Internazionale Milan resmi dijatuhi hukuman dua laga kandang tanpa penonton menyusul tindakan rasis yang dilontarkan kepada bek tengah Napoli, Kalidou Koulibaly, pada pekan ke-18 Serie A yang mempertemukan kedua tim, Rabu (26/12). Selain itu, tribun Curva Nord juga akan ditutup selama tiga laga kandang dilangsungkan dengan alasan sebagian besar nyanyian rasis berasal dari tribun yang ditempati oleh ultra garis keras Inter tersebut.
“Inter Milan telah dihukum dengan dua pertandingan secara tertutup setelah penyalahgunaan rasial yang ditujukan pada pemain belakang Napoli, Kalidou Koulibaly,” demikian bunyi pernyataan resmi Federasi Sepakbola Italia (FIGC). Itu artinya, pendukung Inter dilarang memasuki stadion Guiseppe Meazza pada laga Coppa Italia menghadapi Benevento Calcio, Senin (14/1) dini hari WIB dan pekan ke-20 Serie A menjamu Sassuolo, Minggu (20/1) dini hari WIB.

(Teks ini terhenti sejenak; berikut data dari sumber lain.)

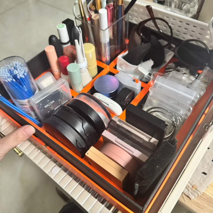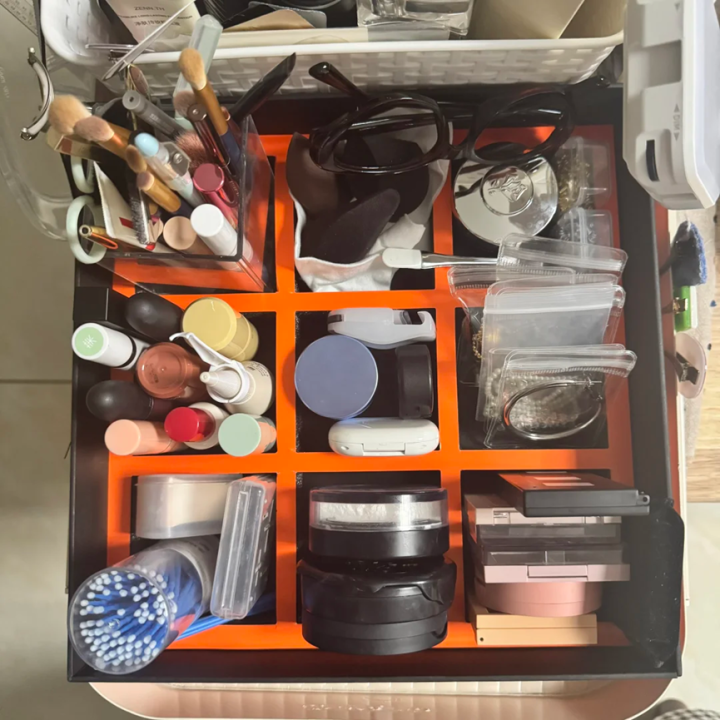 将彩妆产品分门别类放置在不同的小格子里,非常的整洁,拿取的时候也很方便。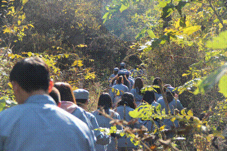 之后大家到达沙塘沟的北山,感受风景如画的山村,体验淳朴的风土民情,回到大自然的怀抱。一路上山路坎坷,大家互相帮助;路途瑶远,大家始终坚持,奋力向前。下山后,师生一起吃了忆苦思甜饭,体验当年抗日战士的生活。虽是粗茶淡饭,但大家都觉得这是最好的饭菜,因为那是军民一心、艰苦奋斗的见证!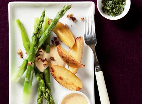 Chřest rozdělíme na talíře a přidáme omáčku, do které vmícháme těsně před podáváním nasekanou petržel. Nakonec chřest posypeme ořechy.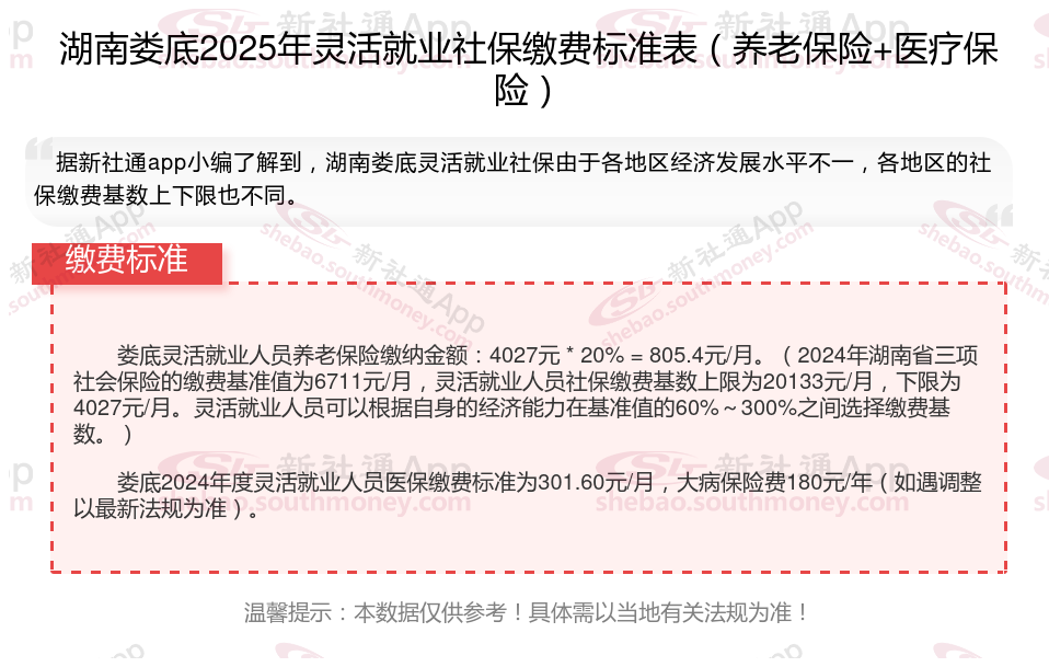 随着经济社会的不断发展,灵活就业群体日益壮大,其社保缴费问题也愈发受到关注。那么2025年湖南娄底灵活就业人员社保需要交多少钱,缴费比例是多少?下面随新社通小编一起来看看。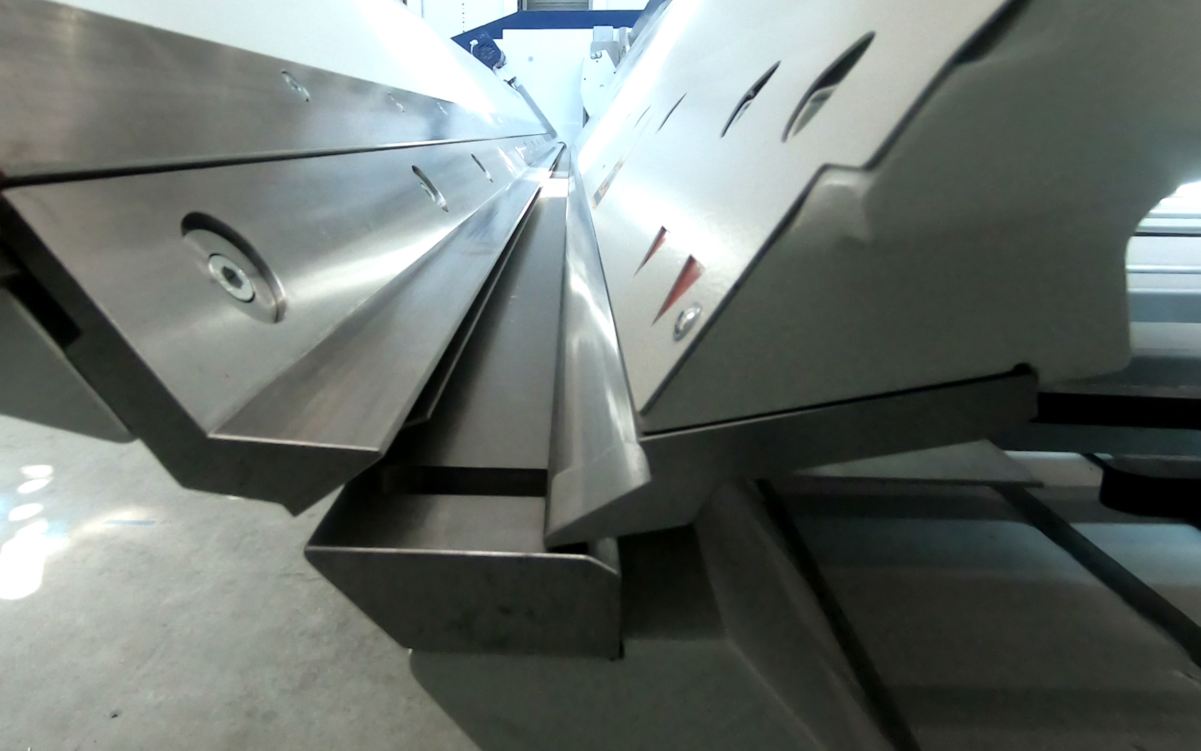 Dünnbleche bis 2,5 mm Stärke kantet die PowerBend Multi (PBM) ab. An ihr zeigt Schröder eine weitere Innovation. Die Maschine verfügt über eine drehbare Oberwange, mit der man zu einer anderen Geometrie beziehungsweise Werkzeugstation wechseln kann. Diese Oberwange ermöglicht aber auch ein patentiertes Verfahren für Hohlumschläge. Dabei wird sie zurückgesetzt und das Blech so geklemmt, dass die Biegewange über die Senkrechte hinaus Platz hat. Auf diese Weise lassen sich Hohlumschläge in nur einem Arbeitsgang biegen und zudrücken – präzise und zeitsparend. Das auf der Messe gezeigte Modell demonstriert dies an einem 2 mm starken Stahlblech auf 3200 mm Länge.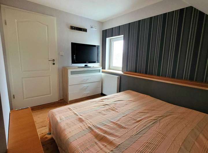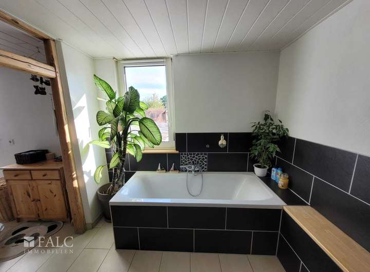 Zwei Schlafzimmer bieten ausreichend Platz für Kleiderschränke und Sideboards, während das großzügige Badezimmer mit Badewanne, Dusche und sichtbaren Balken ein echtes Highlight darstellt.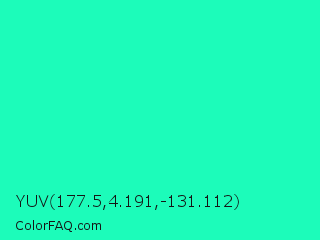 YUV 177.5,4.191,-131.112 Color is a normal green color and the nearest color is Medium Spring Green #00fa9a. Hex code #1cfcba and RGB value is rgb(28,252,186). In RGB color space, this color is composed of 11% red, 99% green, 73% blue, In CMYK color space, this color is composed of 89% cyan, 0% magenta, 26% yellow , 1% black , In HSL color space, this color has a hue angle of 162° , 97% saturation and 55% lightness.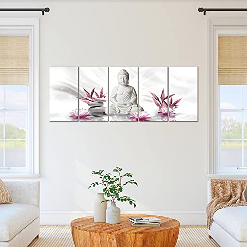Runa Art Murali XXL Budda Feng Shui 200 x 80 cm Grigio Rosa 5 Pezzi - Made in Germany - 011655a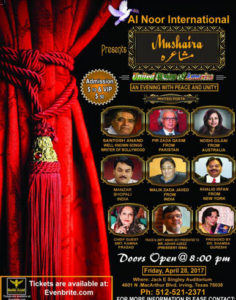ഇര്വിംഗ്(ഡാളസ്) : അല്നൂര് ഇന്റര്നാഷ്ണല് ഏഴാമത് വാര്ഷീകത്തോടനുബന്ധിച്ച് കവി സമ്മേളനവും മുഷൈറയും സംഘടിപ്പിക്കുന്നു. ഇര്വിങ്ങ് മെക്കാര്തര് ബിലവഡിലുള്ള ജാക്ക് ഇ സിംഗിള് ആഡിറ്റോറിയത്തില് ഏപ്രില് 28 വെള്ളിയാഴ്ച രാത്രി 8 മണിക്കാണ് പരിപാടികള് ആരംഭിക്കുന്നത്.സുപ്രസിദ്ധ ബോളിവുഡ് ലിറിസിസ്റ്റും, കവിയുമായ സന്തോഷ് ആനന്ദാണ് പരിപാടികള്ക്കു നേതൃത്വം നല്കുന്നത്.പ്രവേശനം പാസു മൂലം നിയന്ത്രിച്ചിട്ടുണ്ട്. കൂടുതല് വിവരങ്ങള്ക്ക് 512 521 2371 നമ്പറുമായി ബന്ധപ്പെടേണ്ടതാണ്.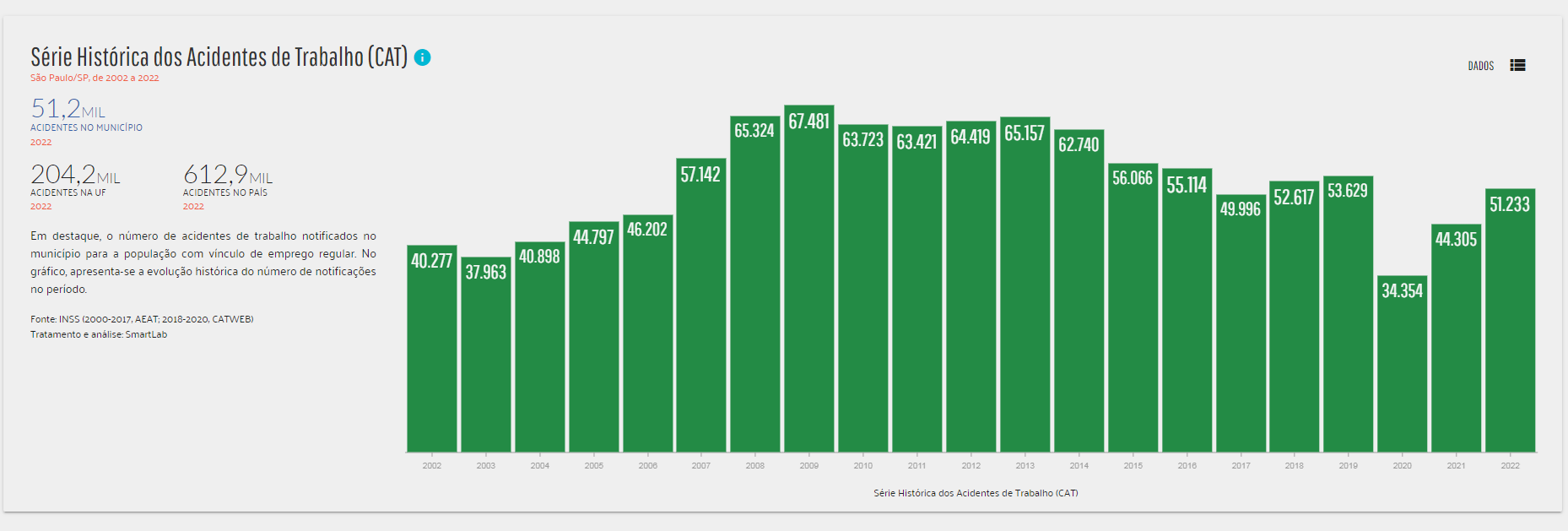 Em destaque, o número de acidentes de trabalho notificados no município para a população com vínculo de emprego regular. No gráfico, apresenta-se a evolução histórica do número de notificações no período.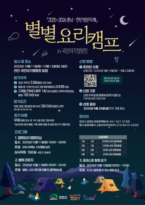 시는 ‘2025~2026 천안 방문의 해’를 맞아 외부 관광객 유치를 위해 다음 달 11일부터 12일까지 1박 2일간 천안국민여가캠핑장에서 별별 요리 캠프를 진행한다.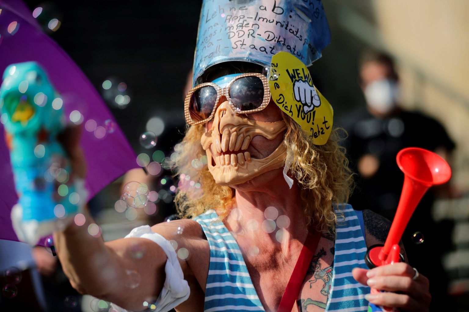 A woman wears a mask as activists protest against coronavirus restrictions in Berlin, Germany, July 18, 2020.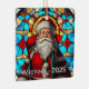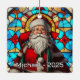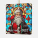 An absolutely stunning Christmas ornament perfect for a cherished spot on your tree! This design captures a warm, detailed portrait of Santa Claus holding a star and holly, beautifully rendered in the vibrant, illuminated style of traditional stained glass. The rich colors and classic imagery make this a timeless piece, ideal for commemorating a special year, gifting, or adding an elegant, classic holiday touch to any Christmas decor collection.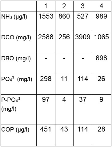 La caractérisation physico-chimique des effluents s’est portée sur les diverses étapes de traitement de l’eau de décorticage de coquillages (cuisson / séparation noix-coquille / retrait des impuretés / congélation) de l’eau de lavage de seiches (trempage ou décongélation (1) / éviscération (2) / enlèvement des dernières peaux(3) / rinçage final(4) (tab.1)) et de l’eau de cuisson de bulots (bain de cuisson). L’ECB s’est avérée la plus chargée en matière organique (MO) avec 40 g/l de DCO (Demande chimique en oxygène) contre 8.5 g/l pour l’ELS et 2 g/l pour l’EDC. Les trois effluents sont riches en protéines mais l’ECB est aussi riche en glucides. Les teneurs en ammonium, nitrite et nitrate sont faibles. La salinité est très variable: EDC≤ 5‰; ELS = 30‰ ; ECB ≤ 90‰. Les flux issus des différentes étapes de traitement ont été estimés.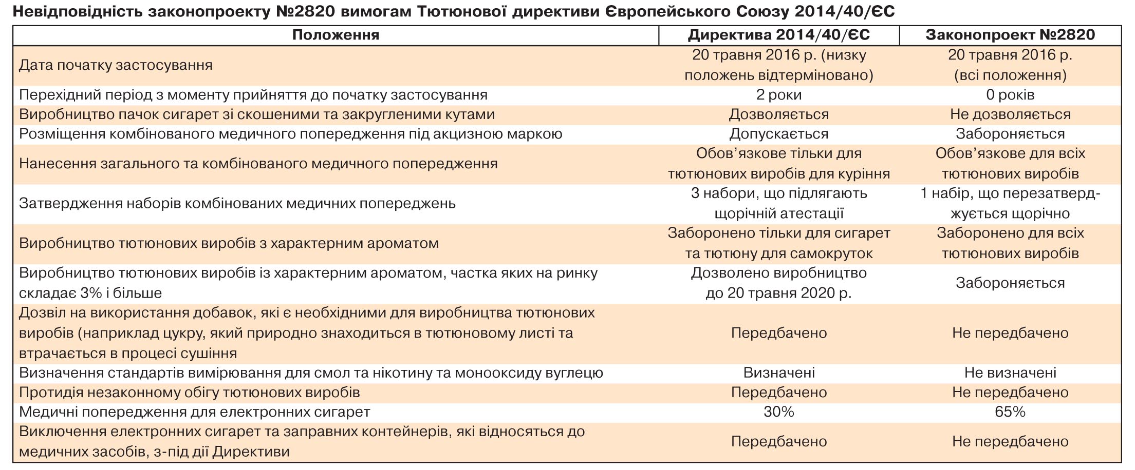 Крім того, розміщення на упаковці тютюнових виробів комбінованих медичних попереджень, які передбачені законопроектом, потребує перенесення акцизних марок на іншу частину упаковки (вони не повинні перекривати попередження і водночас мають розриватися при відкритті упаковки). Однак перехідного періоду для їх перенесення законопроект не передбачає (навіть попри те, що Директива надає додаткових три роки перехідного періоду для такого перенесення).

Selain itu, pihak berwenang juga masih menyelidiki tindak kekerasan yang berlangsung sebelum laga digelar. Menurut laporan Talk Sport, terdapat satu pendukung Inter yang tewas ditabrak mobil van. Pendukung Inter tersebut sempat dilarikan ke rumah sakit sebelum akhirnya menghembuskan nafas terakhirnya. Kericuhan sebelum laga itu juga menelan korban lain, yakni empat pendukung Napoli yang menderita luka berat akibat ditusuk benda tajam.
Tindakan rasisme memang bukan menjadi hal yang baru di Italia. Pada tahun 2013 silam, Mario Balotelli yang kala itu berseragam AC Milan pernah diteriaki dengan sebutan ‘monyet’ oleh pendukung Inter. Inter pun kemudian dijatuhi hukuman denda senilai 50 ribu euro. Menjelang akhir musim 2016/17, Antonio Rudiger yang kala itu berseragam AS Roma juga pernah menjadi sasaran rasisme pendukung Lazio. Selain dua kasus di atas, masih banyak lagi insiden rasisme di Italia yang sudah terjadi selama bertahun-tahun.
Ketua Umum FIGC, Gabrielle Gravina, kehilangan kesabarannya. Masih melansir dari sumber yang sama, Gravina dikabarkan akan menggelar pertemuan darurat dengan Wakil Perdana Menteri Italia, Matteo Salvini dan perwakilan dari Kementerian Dalam Negeri Italia. Gravini mengungkapkan bahwa dirinya akan memberi usulan mengenai pengubahan Undang-Undang yang mengatur tindakan rasisme. “Adalah niat saya untuk mengusulkan mengubah peraturan agar menjadikannya lebih lebih mudah diterapkan,” ujarnya melalui laman resmi FIGC.
“Sekarang cukup, apa yang terjadi di hari-hari terakhir tidak lagi bisa ditoleransi. Sepakbola adalah warisan pendukung sejati dan karenanya harus dipertahankan oleh semua orang yang menggunakannya sebagai alat untuk menciptakan ketegangan.”
Mantan manajer Inter yang sekarang menangani Torino, Walter Mazzari, turut berkomentar mengenai tindakan rasis yang seolah sulit dihilangkan di Italia. Menurutnya, pendidikan pada usia dini dapat berperan untuk meminimalisasi tindakan rasis.
“Kita harus benar-benar keras kepala ketika rasisme datang. Ini masalah sosial, kita harus mulai dari sekolah dasar, dengan guru yang harus membekukan anak-anak yang menunjukkan tanda-tanda intoleransi,” ujarnya seperti dilansir Football Italia.
Senada dengan Mazarri, manajer Juventus, Massimilano Allegri, juga memiliki pandangan serupa. "Ada yang hilang di Italia, kami kehilangan sedikit pendidikan dan rasa hormat. Bukan hanya sepakbola. Kita harus berada di sekolah, dari 100 orang 70 atau 80 akan berada di jalan yang benar, tetapi ini adalah sesuatu yang kita semua perlu lakukan bersama.”